Ignoró el súbito escalofrío que la recorrió y simuló una sonrisa radiante cuando Emma y ella volvieron a la fiesta.
Aquel maldito Roper estaba detrás de algo.
Garnet no sabía de qué se trataba, y cuanto más pensaba en Pledger, más y más incómodo se sentía. Acostado en la cama del hotel con las piernas cruzadas y las botas apoyadas sin ningún cuidado sobre la blanca colcha, fumaba en la oscuridad mientras pensaba en ello. Pledger era un maldito hijo de perra, pero no era ningún estúpido. Y el hecho era que encararse con Roper era una completa estupidez. Sin embargo, aquello era exactamente lo que Pledger había hecho, ganándose con ello un rápido viaje a la muerte. La explicación de Roper tenía sentido justo hasta el momento en que Pledger había intentado sacar la pistola.
La vida en la hacienda resultaba muy cómoda, pero tal vez hubiera llegado el momento de pensar en cambiar las cosas. En el aire flotaba una atmósfera inquietante que no era capaz de identificar, aunque podía sentirla claramente. Tal vez el comandante se estuviera volviendo débil con los años. Quizá fuera el momento de que una mano más fuerte se hiciera con el mando.
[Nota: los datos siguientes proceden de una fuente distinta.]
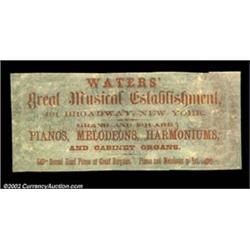 New York, NY- Waters' Great Musical Establishment Ad NoteA neat Ad Note on the reverse of a remainde
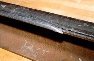 L'analyse effectuée par le Laboratoire technique du BST (rapport LP 71/01) montre que le rail comportait une bavure du côté intérieur du champignon qui atteignait jusqu'à 12 millimètres (mm) d'épaisseur. Il n'y avait aucune bavure du côté extérieur du rail.

Esbozó una sonrisa breve y fría. Sí, tal vez se tratara de eso. McLain estaba tan absurdamente fascinado con la velocidad de Roper con el revólver que no querría ni siquiera plantearse librarse de él, así que tal vez lo que había que hacer era librarse del comandante. Eso dejaría a Roper sin trabajo; así de sencillo. Garnet se libraría de él sin tener que rozarle un pelo a ese hijo de perra. Cuando Roper se hubiera marchado, la muchacha de cabellos dorados como el maíz sería toda suya y la pretenciosa de su hermana no podría hacer absolutamente nada al respecto.
Demonios, no, eso no funcionaría. Roper parecía sentir cierto aprecio por la esposa del comandante. Si mataba a McLain, Roper sería quien estaría allí para consolar a la llorosa viuda y a su preciosa hermana.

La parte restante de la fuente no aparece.